Bluebird Products Co., Kansas City, MO, pat. 1935, 18". With a patent date of 1935, this seems to be a later Bluebird model than most. It's also more elaborate than most other Bluebirds. Designed to dispense bulk product such as peanuts or small candies, from the vending wheel up it looks like a Bluebird Bulk Vendor, but the part below the vending wheel differs.
Putting a coin in and pulling the lever causes the numbered wheel to spin. The wheel above has 12 numbers and a wedge marked "MATCH." At least 2 other versions of the Magic Vendor have 32 numbers. Silent Salesmen Too, page 26, shows the model above alongside 2 versions with 32 numbers and says that "your chances of winning on any of the machines was about 1 in 32." I don't know how winners were selected, but given the probability that Bill Enes states in Silent Salesmen Too, I assume that only a MATCH won anything on this machine. I don't have a version with 32 numbers; looking closely at the pictures in Silent Salesmen Too I don't see a wedge for MATCH, but the pictures aren't large enough to discern what's written on the wheels.
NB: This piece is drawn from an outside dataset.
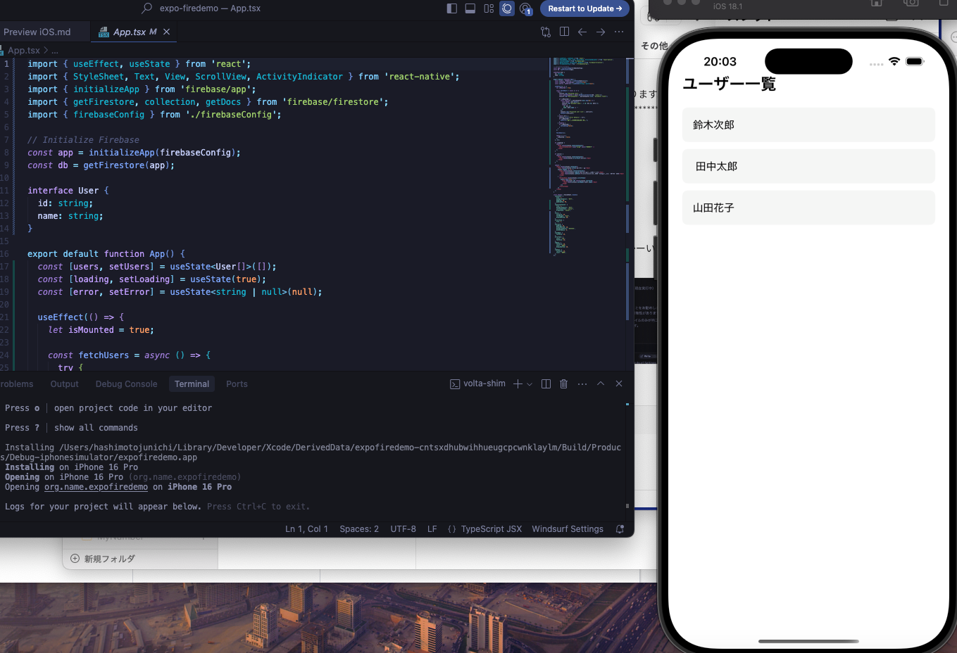 ExpoでFirestoreの値を表示する(iOS)

Maybe MATCH is written but it's too small to see, or maybe the setup for the 32-numbered versions was to compare the number selected by the machine against winning numbers listed on a marquee on the machine or on a placard near the machine. If your number was a winner, then you won!---although I have no idea what you won. For those of you who've read this far, I want to repeat my words from this paragraph's fifth sentence---"I don't know how winners were selected"---and ask that you bear them in mind as you read my speculations.
The example above is 100% original, but it might be a married piece. The base and midsection have different patinas, which suggests that these might have been born and lived part or most of their lives on different machines, and were later combined into the same machine by a vendor or collector.